- **Goal of the exercise**
The data must be reproduced verbatim; images are to be omitted.

- **Data extract**
----

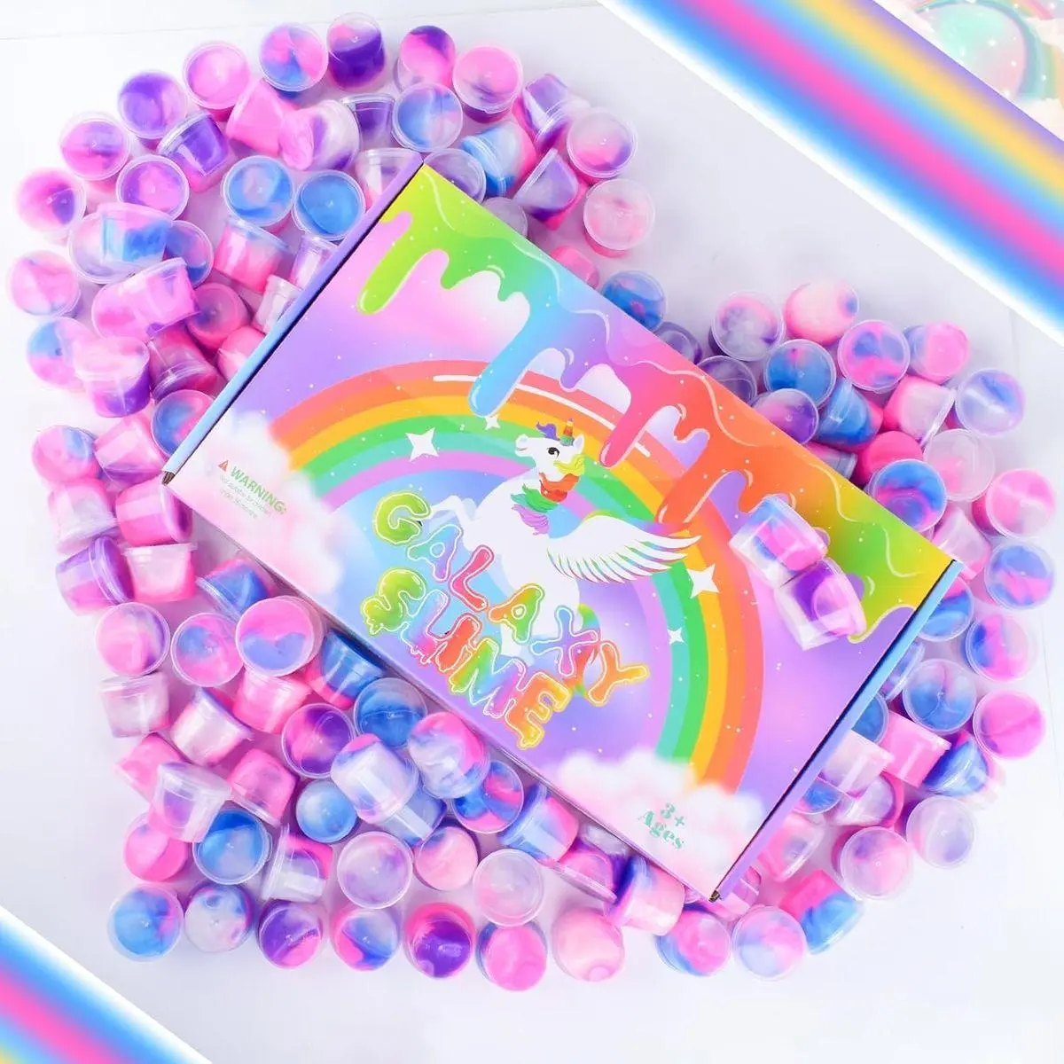 118 Pcs Slime Pack: Unicorn Galaxy Slime Set for Girls and Boys, Slime comes in 4 colors (pink, purple, blue, white) with a total of 118 packs of mini slime cups. Kids will love these cute slimes
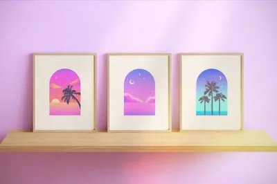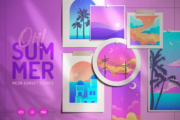 时尚潮流炫彩颗粒渐变虹彩Ins夏日度假风景插画素材合辑 Oh Summer! Neon sunset scene
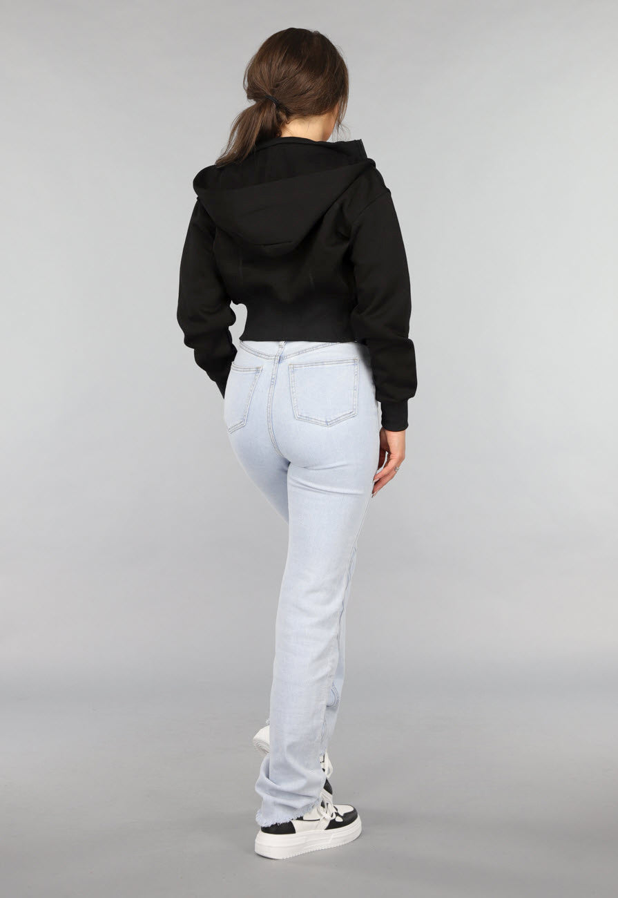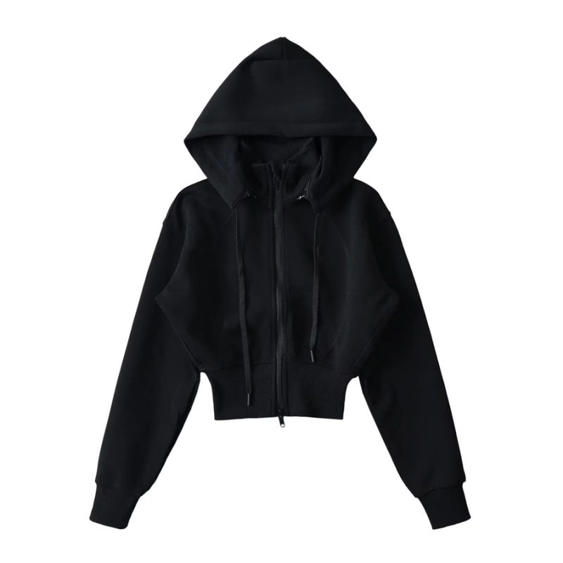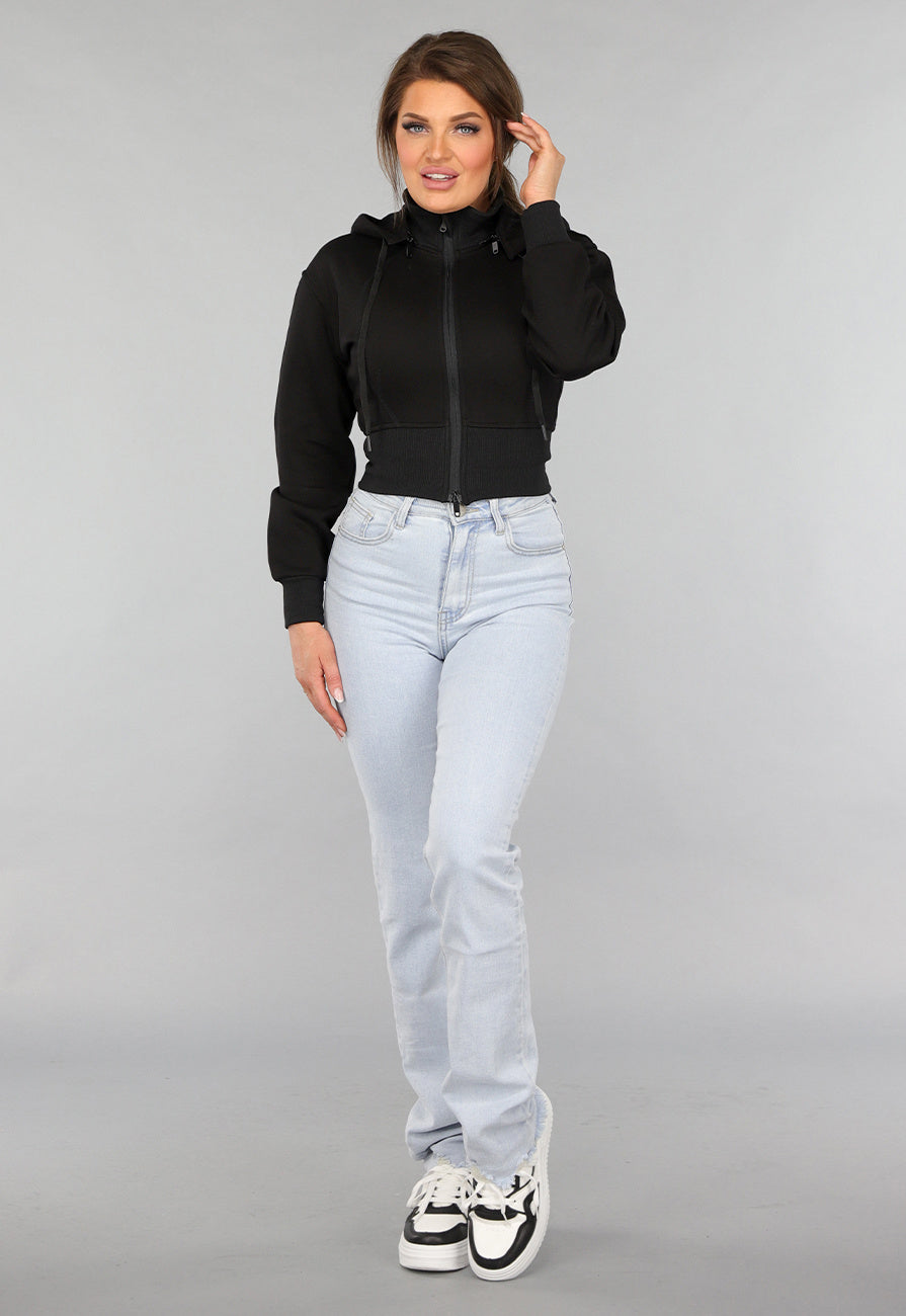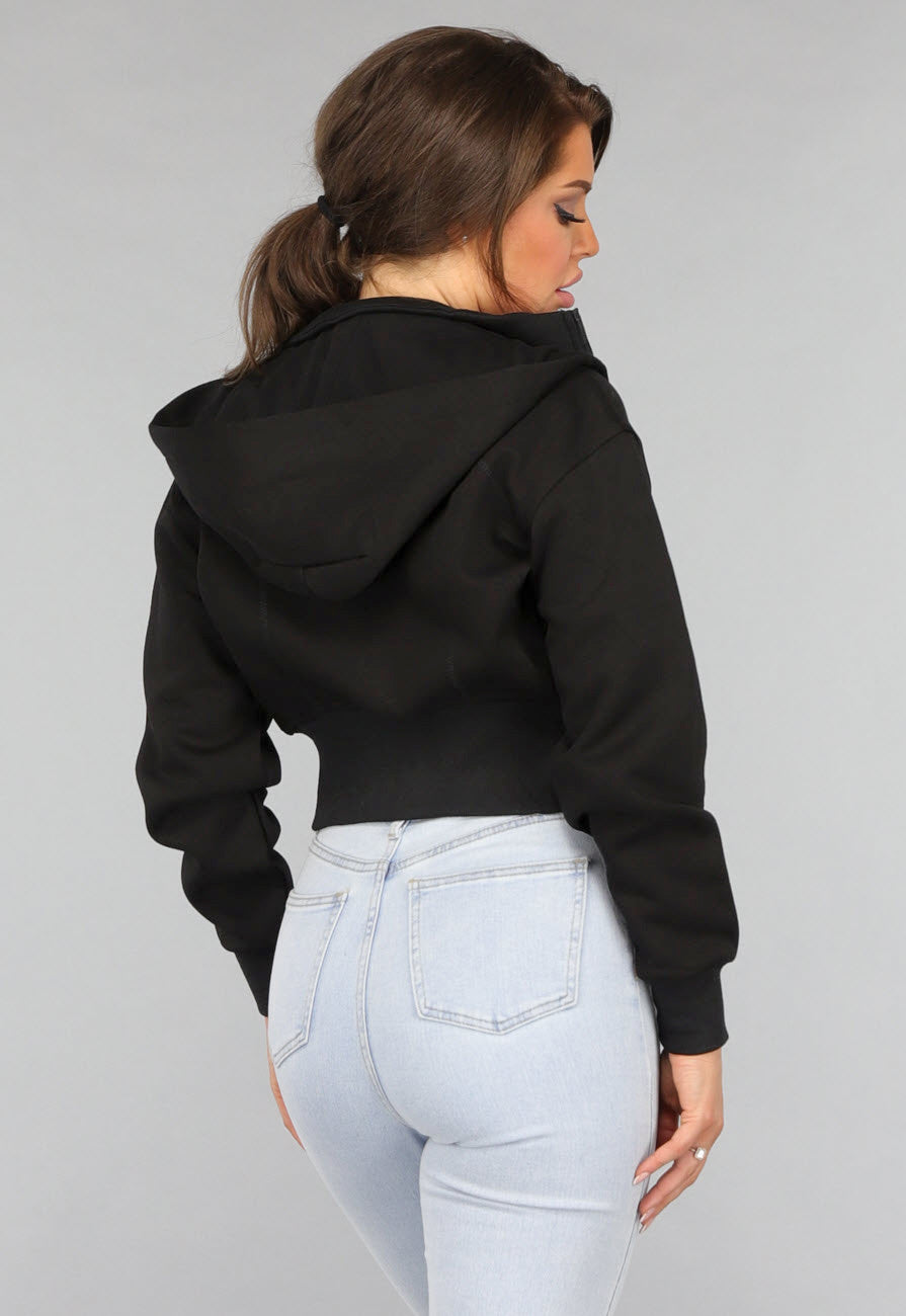 Schwarzer kurzer Cardigan mit abnehmbarer Kapuze

----

- **Answer to this problem**
 118 Pcs Slime Pack: Unicorn Galaxy Slime Set for Girls and Boys, Slime comes in 4 colors (pink, purple, blue, white) with a total of 118 packs of mini slime cups. Kids will love these cute slimes
 时尚潮流炫彩颗粒渐变虹彩Ins夏日度假风景插画素材合辑 Oh Summer! Neon sunset scene
 Schwarzer kurzer Cardigan mit abnehmbarer Kapuze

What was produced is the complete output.